= Data shown =
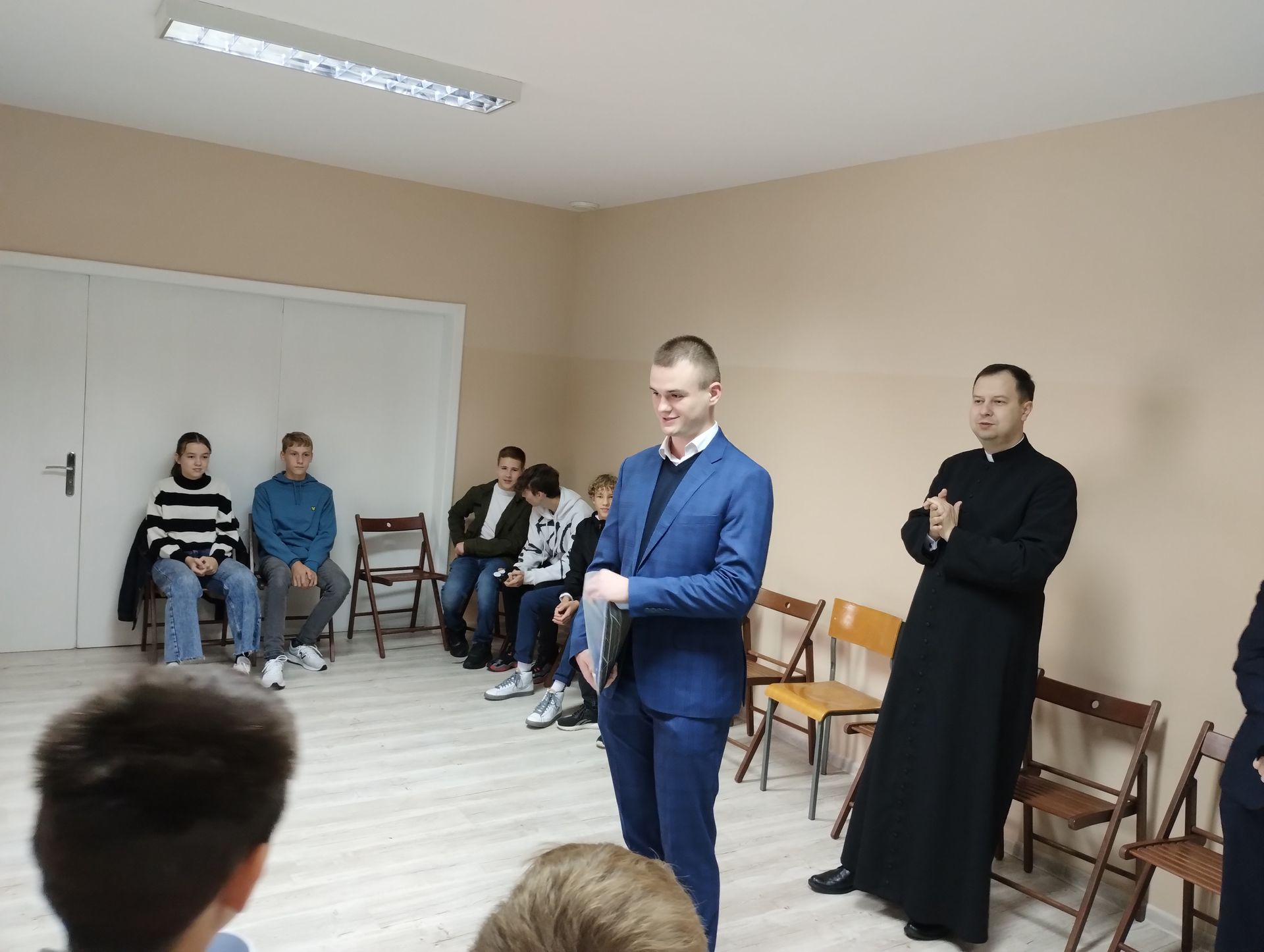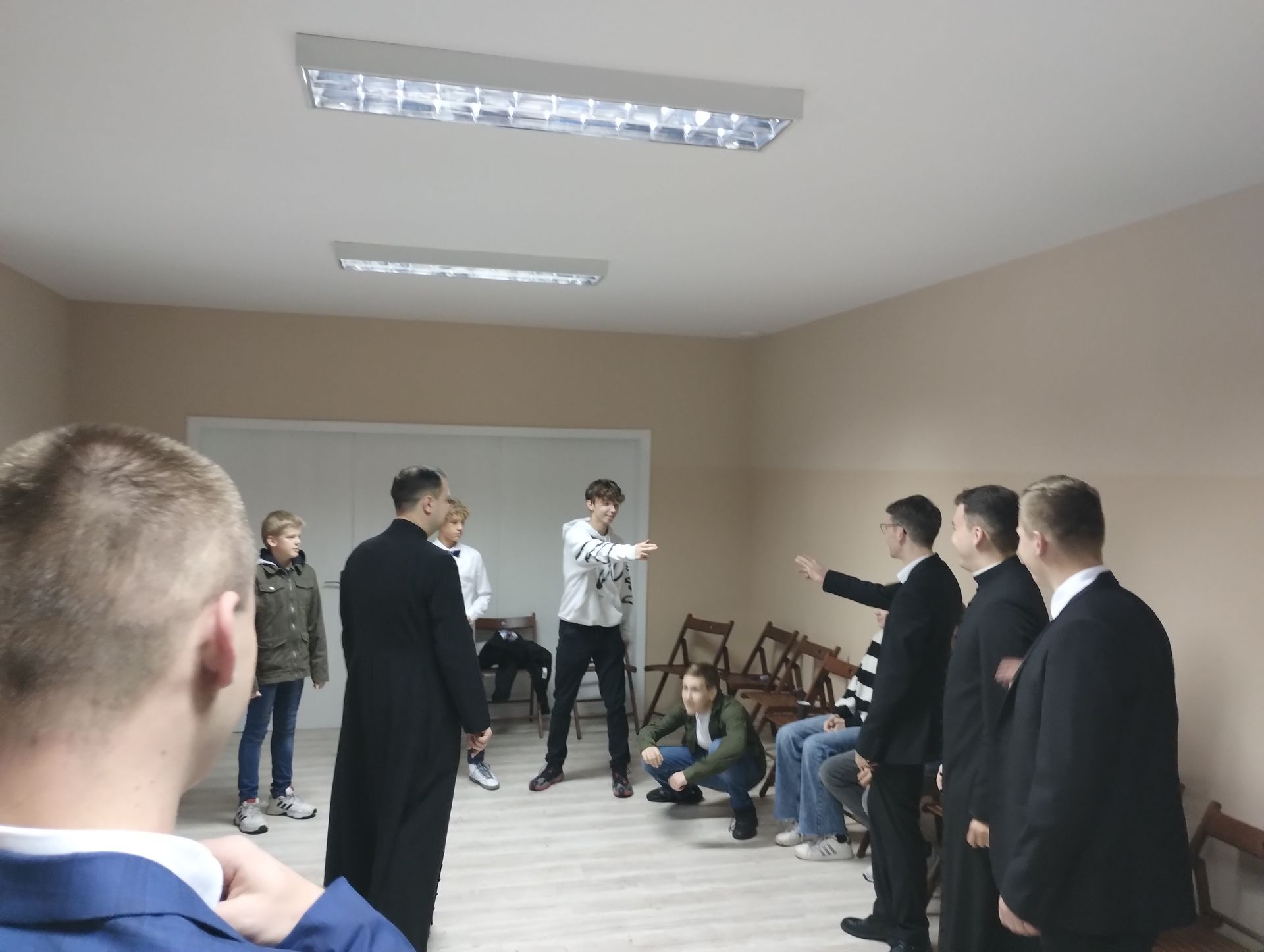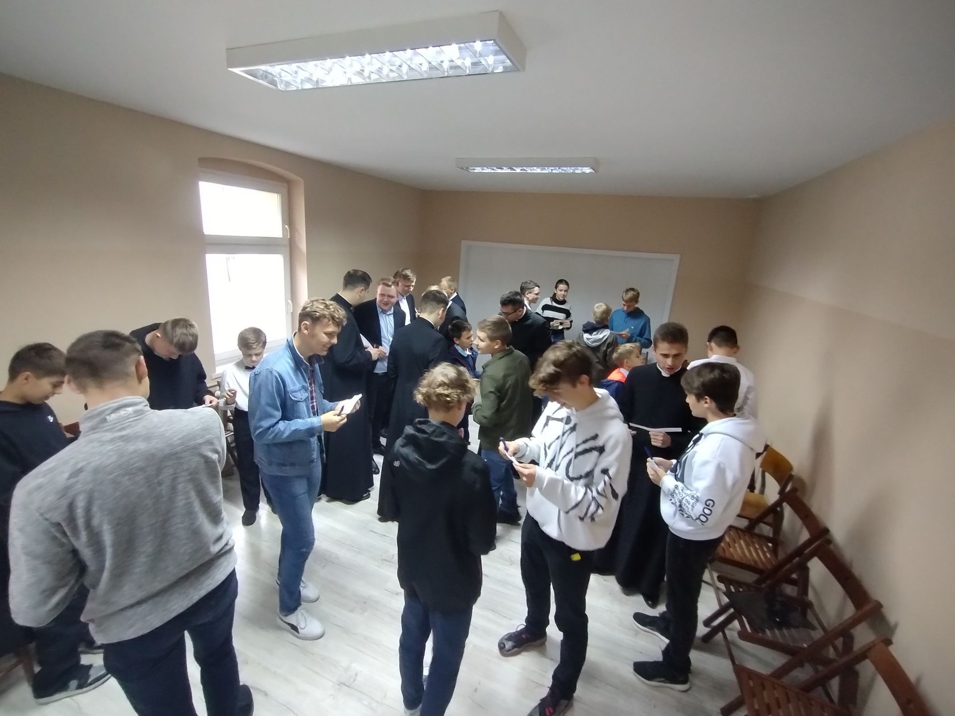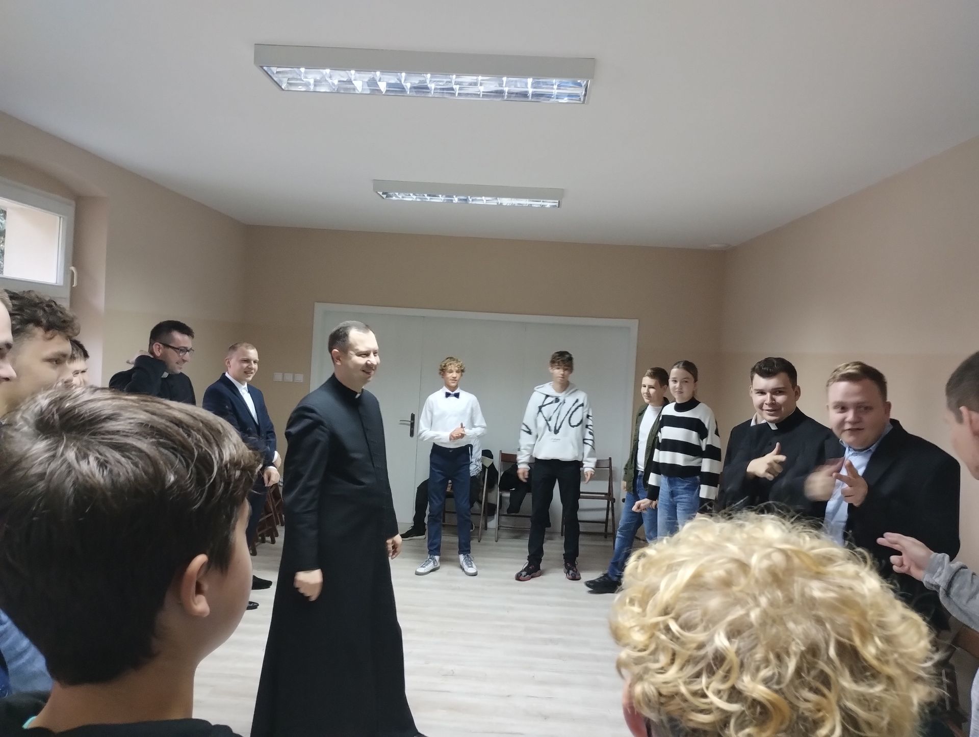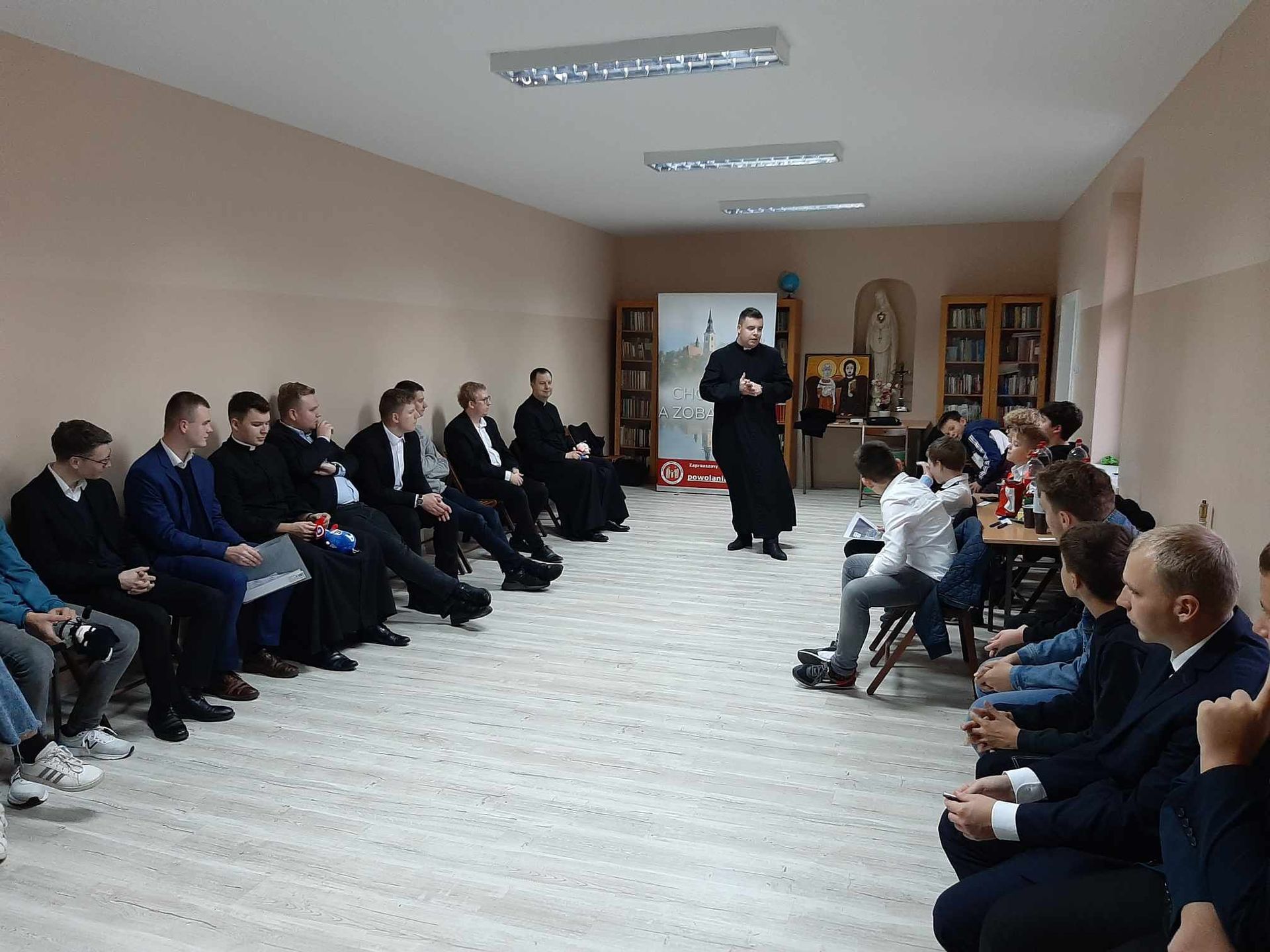 Nasze spotkanie rozpoczęła integracja prowadzona przez kl. Martyna z II roku, która pomogła nam lepiej się poznać. Później miała miejsce krótka konferencja ks. wicerektora Waldemara Graczyka oraz świadectwo kl. Alana z IV roku. Następnie przeżyliśmy wspólnie Eucharystię celebrowaną przez ks. wicerektora, kapłanów posługujących w parafii oraz dziekana dekanatu.
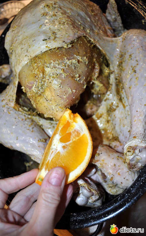 Промаринованную индейку выниваем из пакета и положив внутрь пол-апельсина закрепим шпажками
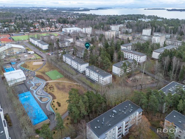 Asunto-osakeyhtiön naapurissa on moderni ja viihtyisä asukaspuisto, jossa on tekemistä eri-ikäisille lapsille. Läheltä löytyvät päiväkodit, peruskoulut ja lukio, mukaan lukien ruotsinkielinen lukio, tekevät tästä alueesta ihanteellisen lapsiperheille. Iso Omena -kauppakeskus ja metroasema ovat kävellen vain 800 metrin päässä, mikä takaa erinomaiset palvelut ja liikenneyhteydet.

= Exercise requirements =
Repeat each line of the material exactly, and drop any image it carries.

= Exercise result =
 Nasze spotkanie rozpoczęła integracja prowadzona przez kl. Martyna z II roku, która pomogła nam lepiej się poznać. Później miała miejsce krótka konferencja ks. wicerektora Waldemara Graczyka oraz świadectwo kl. Alana z IV roku. Następnie przeżyliśmy wspólnie Eucharystię celebrowaną przez ks. wicerektora, kapłanów posługujących w parafii oraz dziekana dekanatu.
 Промаринованную индейку выниваем из пакета и положив внутрь пол-апельсина закрепим шпажками
 Asunto-osakeyhtiön naapurissa on moderni ja viihtyisä asukaspuisto, jossa on tekemistä eri-ikäisille lapsille. Läheltä löytyvät päiväkodit, peruskoulut ja lukio, mukaan lukien ruotsinkielinen lukio, tekevät tästä alueesta ihanteellisen lapsiperheille. Iso Omena -kauppakeskus ja metroasema ovat kävellen vain 800 metrin päässä, mikä takaa erinomaiset palvelut ja liikenneyhteydet.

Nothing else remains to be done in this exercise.